------ MATERIAL SUPPLIED

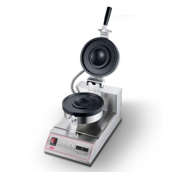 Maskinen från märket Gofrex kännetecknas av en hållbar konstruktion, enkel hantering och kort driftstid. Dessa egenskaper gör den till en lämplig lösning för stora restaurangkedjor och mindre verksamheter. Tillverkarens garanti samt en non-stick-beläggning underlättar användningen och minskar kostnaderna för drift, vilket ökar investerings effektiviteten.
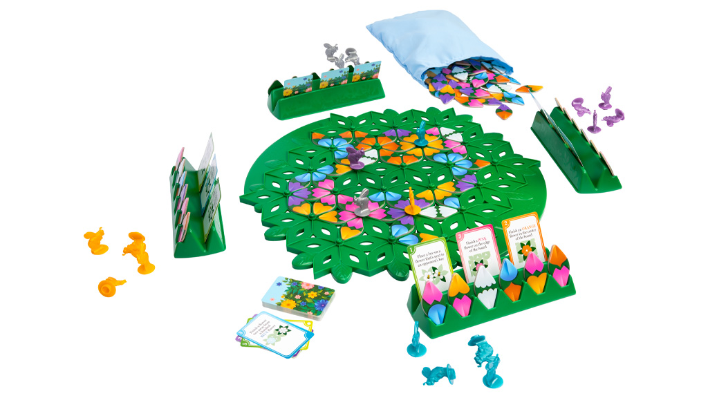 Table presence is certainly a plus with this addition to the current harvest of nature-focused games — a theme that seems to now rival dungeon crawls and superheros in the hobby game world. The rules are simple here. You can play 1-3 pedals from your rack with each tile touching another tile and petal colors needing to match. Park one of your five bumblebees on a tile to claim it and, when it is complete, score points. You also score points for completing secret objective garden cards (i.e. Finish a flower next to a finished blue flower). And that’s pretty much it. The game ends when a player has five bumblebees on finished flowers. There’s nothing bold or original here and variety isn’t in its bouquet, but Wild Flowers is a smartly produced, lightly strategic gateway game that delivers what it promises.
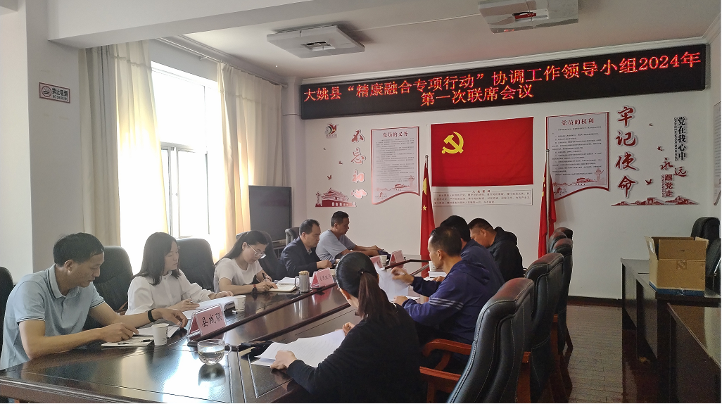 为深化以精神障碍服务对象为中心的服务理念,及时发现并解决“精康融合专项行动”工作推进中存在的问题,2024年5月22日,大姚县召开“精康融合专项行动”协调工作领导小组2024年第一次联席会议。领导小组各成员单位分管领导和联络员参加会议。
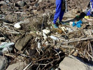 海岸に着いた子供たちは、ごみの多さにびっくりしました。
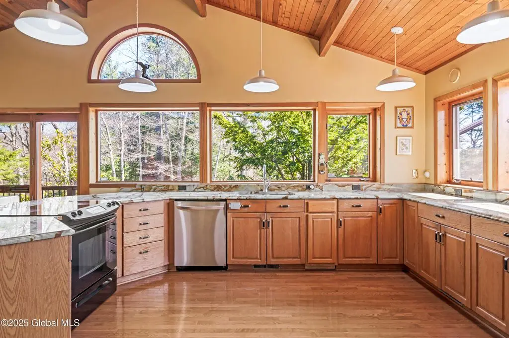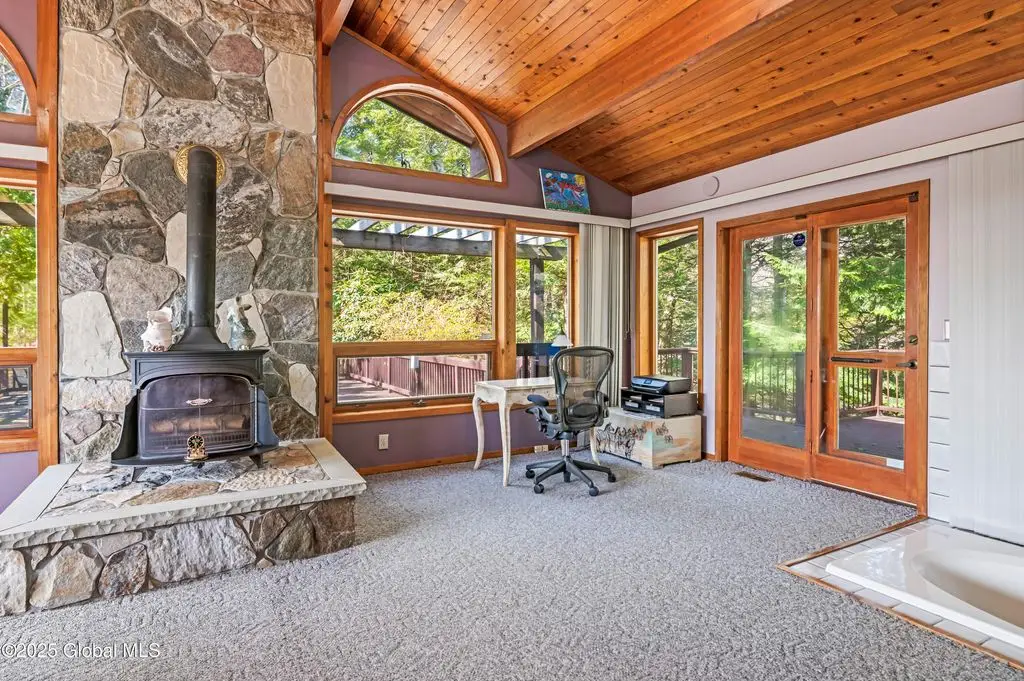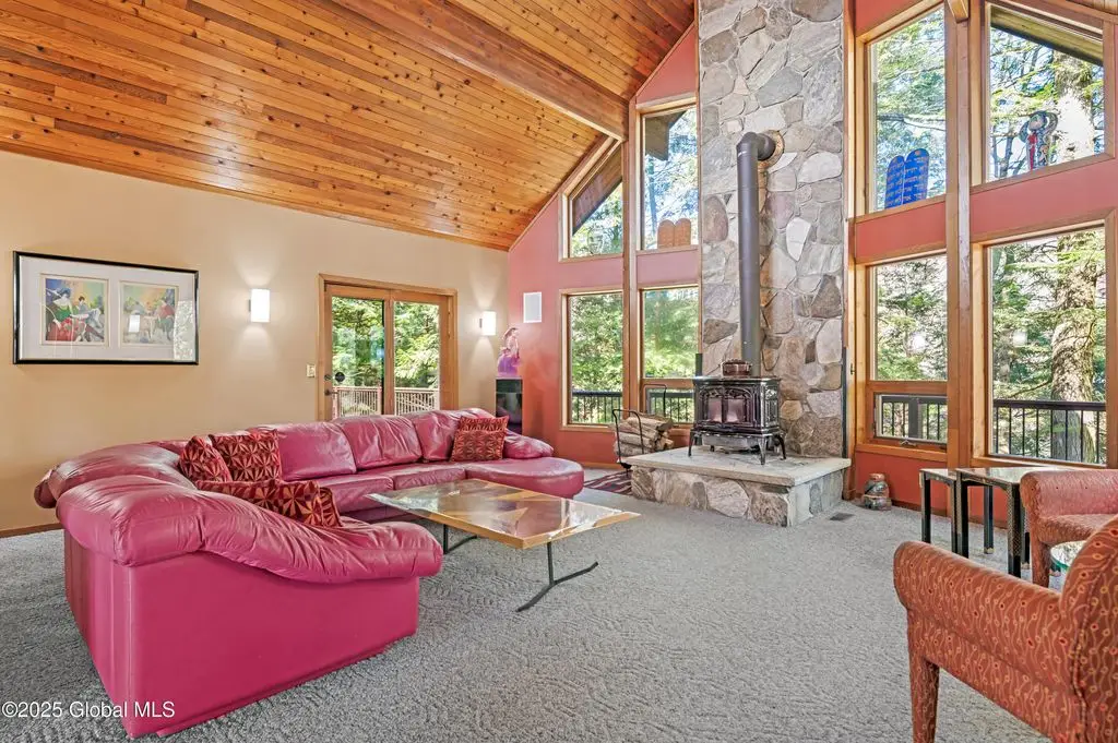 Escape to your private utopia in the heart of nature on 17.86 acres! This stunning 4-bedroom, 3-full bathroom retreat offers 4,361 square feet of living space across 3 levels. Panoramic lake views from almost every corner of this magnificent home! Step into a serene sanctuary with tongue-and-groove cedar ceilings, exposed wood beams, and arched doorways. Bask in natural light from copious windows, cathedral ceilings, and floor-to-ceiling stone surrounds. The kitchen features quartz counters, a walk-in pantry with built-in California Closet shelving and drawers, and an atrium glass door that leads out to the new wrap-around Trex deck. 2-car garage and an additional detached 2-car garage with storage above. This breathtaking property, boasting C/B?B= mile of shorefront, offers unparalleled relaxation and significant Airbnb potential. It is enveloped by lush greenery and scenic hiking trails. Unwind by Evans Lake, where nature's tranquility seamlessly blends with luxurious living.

------------
------ MATERIAL SUPPLIED

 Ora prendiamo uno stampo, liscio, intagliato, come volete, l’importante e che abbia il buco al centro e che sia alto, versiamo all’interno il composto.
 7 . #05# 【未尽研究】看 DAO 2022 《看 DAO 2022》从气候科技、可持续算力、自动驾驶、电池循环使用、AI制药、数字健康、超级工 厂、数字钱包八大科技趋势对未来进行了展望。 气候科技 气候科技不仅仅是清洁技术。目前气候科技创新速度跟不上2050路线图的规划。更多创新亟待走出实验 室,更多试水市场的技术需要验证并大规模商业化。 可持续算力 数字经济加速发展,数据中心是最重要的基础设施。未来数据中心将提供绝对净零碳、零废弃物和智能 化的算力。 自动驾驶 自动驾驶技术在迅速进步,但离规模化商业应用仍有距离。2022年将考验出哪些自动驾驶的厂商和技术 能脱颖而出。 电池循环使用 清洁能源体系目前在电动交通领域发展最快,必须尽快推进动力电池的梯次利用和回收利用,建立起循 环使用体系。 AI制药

------------
------ MATERIAL SUPPLIED

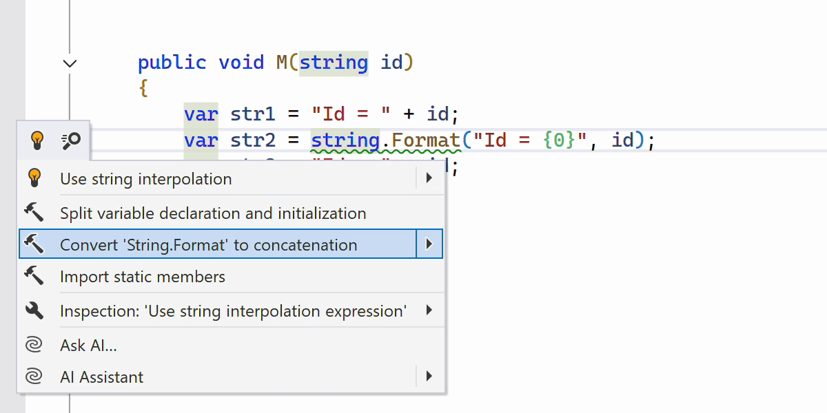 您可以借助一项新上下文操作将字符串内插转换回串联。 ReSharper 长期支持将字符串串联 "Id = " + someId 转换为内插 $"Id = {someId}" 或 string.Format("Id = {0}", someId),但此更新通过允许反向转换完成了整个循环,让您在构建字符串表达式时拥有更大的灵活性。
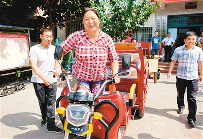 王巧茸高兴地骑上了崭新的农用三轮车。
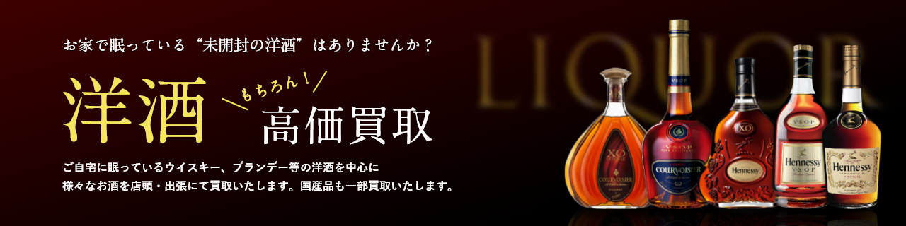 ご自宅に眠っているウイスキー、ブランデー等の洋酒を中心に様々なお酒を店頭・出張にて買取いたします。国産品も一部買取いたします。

------------

**TASK ITEM**
Return exactly the lines that appear in the data above between the line containing "为深化以精神障碍服务对象为中" and the line containing "Escape to your", both of which are included, and leave the pictures out.

**WRITTEN RESPONSE**
 为深化以精神障碍服务对象为中心的服务理念,及时发现并解决“精康融合专项行动”工作推进中存在的问题,2024年5月22日,大姚县召开“精康融合专项行动”协调工作领导小组2024年第一次联席会议。领导小组各成员单位分管领导和联络员参加会议。
 海岸に着いた子供たちは、ごみの多さにびっくりしました。
 Escape to your private utopia in the heart of nature on 17.86 acres! This stunning 4-bedroom, 3-full bathroom retreat offers 4,361 square feet of living space across 3 levels. Panoramic lake views from almost every corner of this magnificent home! Step into a serene sanctuary with tongue-and-groove cedar ceilings, exposed wood beams, and arched doorways. Bask in natural light from copious windows, cathedral ceilings, and floor-to-ceiling stone surrounds. The kitchen features quartz counters, a walk-in pantry with built-in California Closet shelving and drawers, and an atrium glass door that leads out to the new wrap-around Trex deck. 2-car garage and an additional detached 2-car garage with storage above. This breathtaking property, boasting C/B?B= mile of shorefront, offers unparalleled relaxation and significant Airbnb potential. It is enveloped by lush greenery and scenic hiking trails. Unwind by Evans Lake, where nature's tranquility seamlessly blends with luxurious living.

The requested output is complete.